• **PROBLEM**: Would you retype the whole listing verbatim, keeping pictures out of it?

• **DATA EXCERPT**:
- Opening Delimiter -

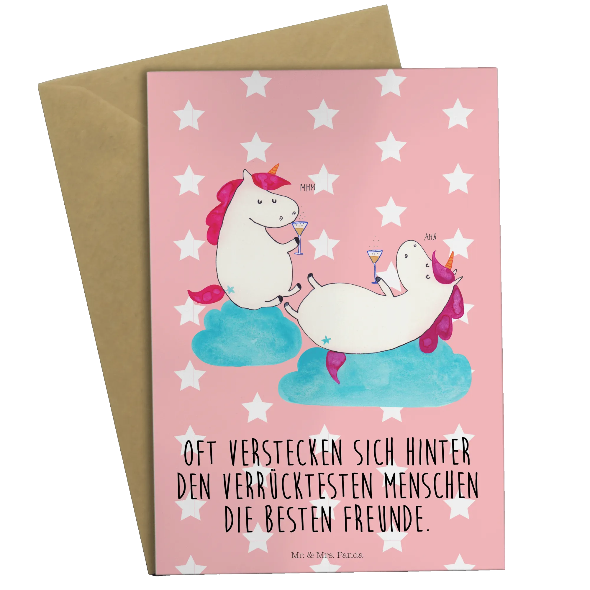 Greetings card unicorn sparkling wine - with saying - Pastel Red
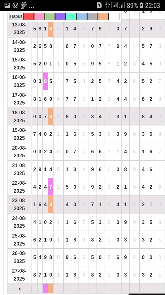| Rumus Angka Mati berdasarkan kepala harian | 05 06 08 09 16 17 19 20 21 26 27 28 29 30 31 32 37 38 39 40 41 43 48 49 51 52 54 59 63 64 65 74 75 76 85 86 87 97 98 |
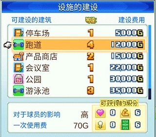 球员能够借助设施来获取研究点数。调整教练的训练方式,可以让多名球员都能加以利用。要是对球员的影响比较显著,那么他们在利用这些条件时,就更易于积累光环。
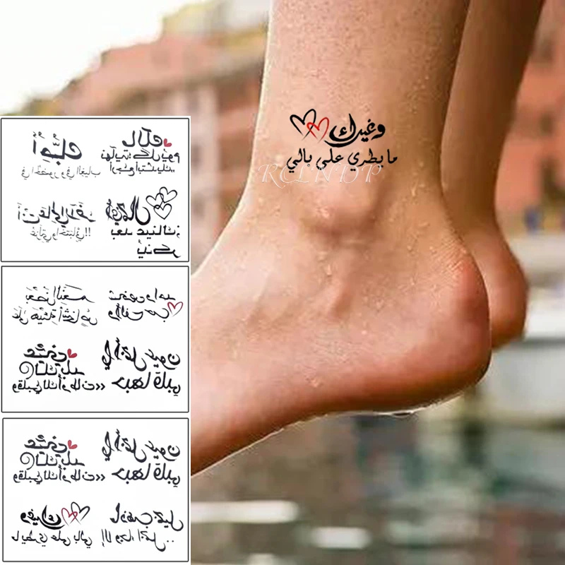 Водостойкая Временная наклейка для татуировок, Арабские буквы, сердечки, любовные узоры, личность, поддельные тату, флеш-тату для девочек, женщин и мужчин

- Closing Delimiter -

• **RESPONSE AREA**:
 Greetings card unicorn sparkling wine - with saying - Pastel Red
| Rumus Angka Mati berdasarkan kepala harian | 05 06 08 09 16 17 19 20 21 26 27 28 29 30 31 32 37 38 39 40 41 43 48 49 51 52 54 59 63 64 65 74 75 76 85 86 87 97 98 |
 球员能够借助设施来获取研究点数。调整教练的训练方式,可以让多名球员都能加以利用。要是对球员的影响比较显著,那么他们在利用这些条件时,就更易于积累光环。
 Водостойкая Временная наклейка для татуировок, Арабские буквы, сердечки, любовные узоры, личность, поддельные тату, флеш-тату для девочек, женщин и мужчин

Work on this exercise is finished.